3 http://www.fsa.go.jp/singi/singi_kinyu/tosin/20151222-2/01.pdf

4 This refers to assets that are indicated in fiat currencies, or regarded as being performed by fiat currency with respect to the obligation. Further, an asset the performance of obligations of which shall be conducted in an asset denominated in currencies is also deemed to be an asset denominated in currencies. (Article 2, paragraph (6) of the Amended Payment Services Act)

5 "On a regular basis" means to act repeatedly and continuously.
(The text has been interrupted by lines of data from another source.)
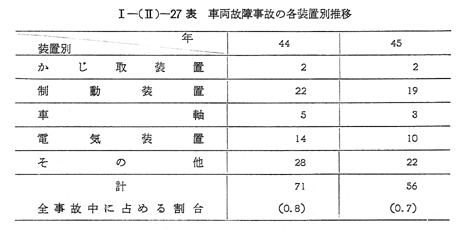 なお,車両事故は 〔I−(II)−27表〕のとおり全体の0.7%である。車両故障事故は逐年減少しているとはいうものの,安全確保土きわめて重要であるかじ取装置,制動装置の不良に起因するものが全体の3分の1を占めており,これらに対する点検整備等の強化を図る必要がある。
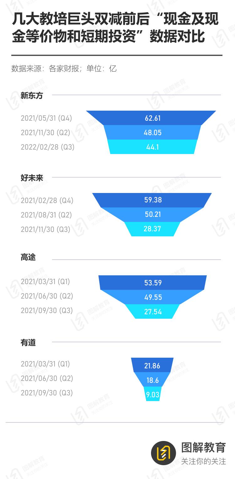及至现在,一年已过去,现金流问题依然困扰着大部分教培公司,尤其是有道,最新一季度里,有道的“现金及现金等价物和短期投资”,甚至已少于主营业务成本。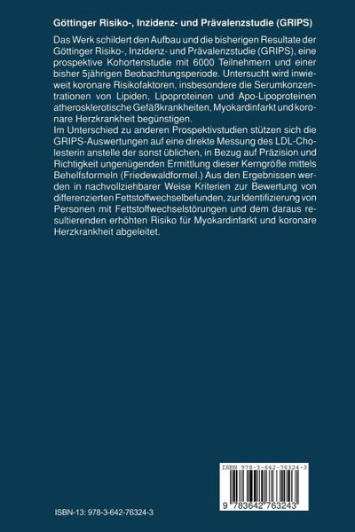 Das Werk schildert den Aufbau und die bisherigen Resultate der Göttinger Risiko-, Inzidenz- und Prävalenzstudie (GRIPS), eine prospektive Kohortenstudie mit 6000 Teilnehmern und einer bisher 5-jährigen Beobachtungsperiode. Untersucht wird, inwieweit koronare Risikofaktoren, insbesondere die Serumkonzentrationen von Lipiden, Lipoproteinen und Apo-Lipoproteinen, atherosklerotische Gefäßkrankheiten, Myokardinfarkt und koronare Herzkrankheit begünstigen. Im Unterschied zu anderen Prospektivstudien stützen sich die GRIPS-Auswertungen auf eine direkte Messung des LDL-Cholesterin anstelle der sonst üblichen, in Bezug auf Präzision und Richtigkeit ungenügenden Ermittlung dieser Kerngröße mittels Behelfsformeln (Friedewaldformel). Aus den Ergebnissen werden in nachvollziehbarer Weise Kriterien zur Bewertung von differenzierten Fettstoffwechselbefunden, zur Identifizierung von Personen mit Fettstoffwechselstörungen und dem daraus resultierenden erhöhten Risiko für Myokardinfarkt und koronare Herzkrankheit abgeleitet.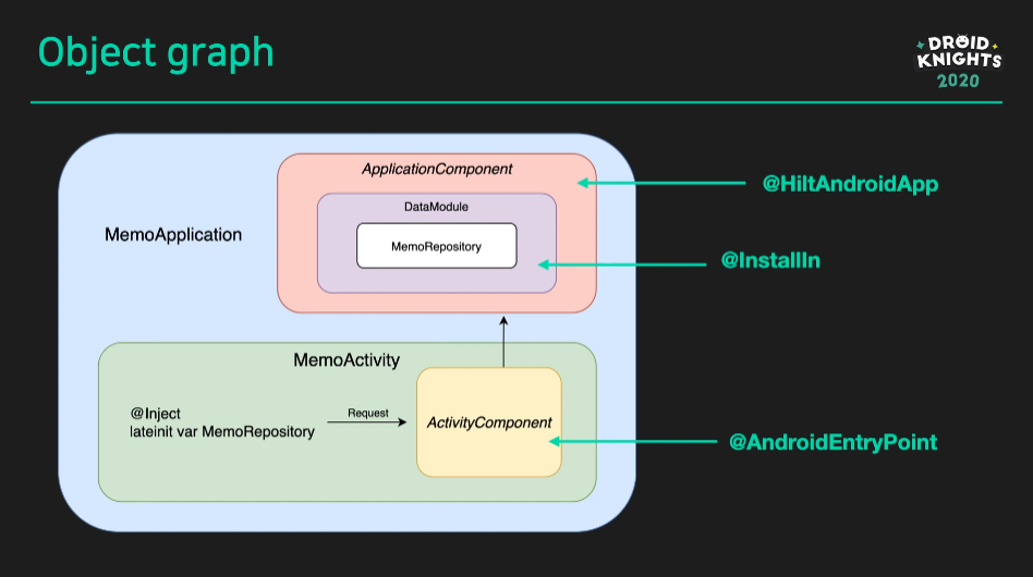 Dagger에 대한 지식이 없어서 그런지, Hilt 내부 구조에 대해 잘 몰라서 그런지... 혼자서 뒤적거려봐도 실마리를 잡을 수 없었다. 그래서 자료들을 찾아보는 도중 2020 드로이드나이츠 발표 영상을 보게 되었다.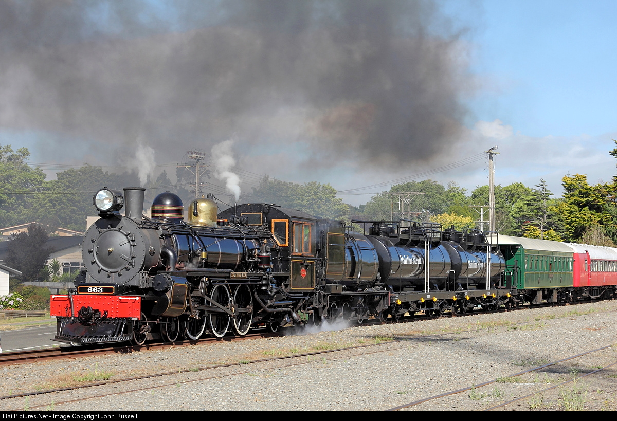 | Ab 663 was retired by NZ Railways in 1969 and was eventually stripped of parts for the Kingston Flyer Ab locomotives. It was purchased by Mainline Steam in 1983 and restored, being reunited with a tender (from 811.) 663 returned to mainline in 1997. Here it is captured at East Town complete with red coaches from Feilding DSR for excursion trains around Wanganui. |

Also, in cases where virtual currencies are purchased, sold, or exchanged solely for settlement of trading or investment on behalf of such person or firm, it is not considered to be virtual currency exchange services.

6 As a result of such action of management being considered as virtual currency exchange services, it is made clear that such actions conducted by virtual currency exchange service providers do not violate the Act Regulating the Receipt of Contributions, the Receipt of Deposits, and Interest Rates (Article 2, paragraph (1) of the same Act).

7 This refers to a person or a firm that carries out virtual currency exchange services, registered in the foreign state as a virtual currency exchange service provider, according to the laws and regulations of the said foreign state equivalent to the Amended Payment Services Act. (Article 2, paragraph (9) of the Amended Payment Services Act) In the case where a foreign virtual currency exchange service provider is to be registered in Japan, it is required to have a representative person in Japan (limited to a person who is domiciled in Japan).

8 According to the WG Report on Payment Services, it is assumed that a minimum amount of stated capital or regulation of a minimum amount of net assets is imposed.

9 This refers to the establishment of a system for ensuring the proper and secure conducting of virtual currency exchange services (Article 63-5, paragraph (1), item (iv) of the Amended Payment Services Act) and the establishment of a system that is necessary to ensure compliance with the provisions (Article 63-5, paragraph (1), item (v) of the Amended Payment Services Act) in the Chapter that prescribes virtual currencies in the Amended Payment Services Act. (Chapter 3-2 of the said Act)

10 Although the contents of the obligation to segregate management will be specified in a Cabinet Order, according to the WG Report on Payment Services, virtual currency exchange service providers are expected to manage assets under the condition that their own property and customers' property are clearly segregated and immediately discriminable, but entrustments or deposits are not necessary.

11 The Financial Services Agency currently requests the Ministry of Finance to clarify the treatment of virtual currencies under the consumption tax in its 2017 Taxation Revision Requests.

The content of this article is intended to provide a general guide to the subject matter. Specialist advice should be sought about your specific circumstances.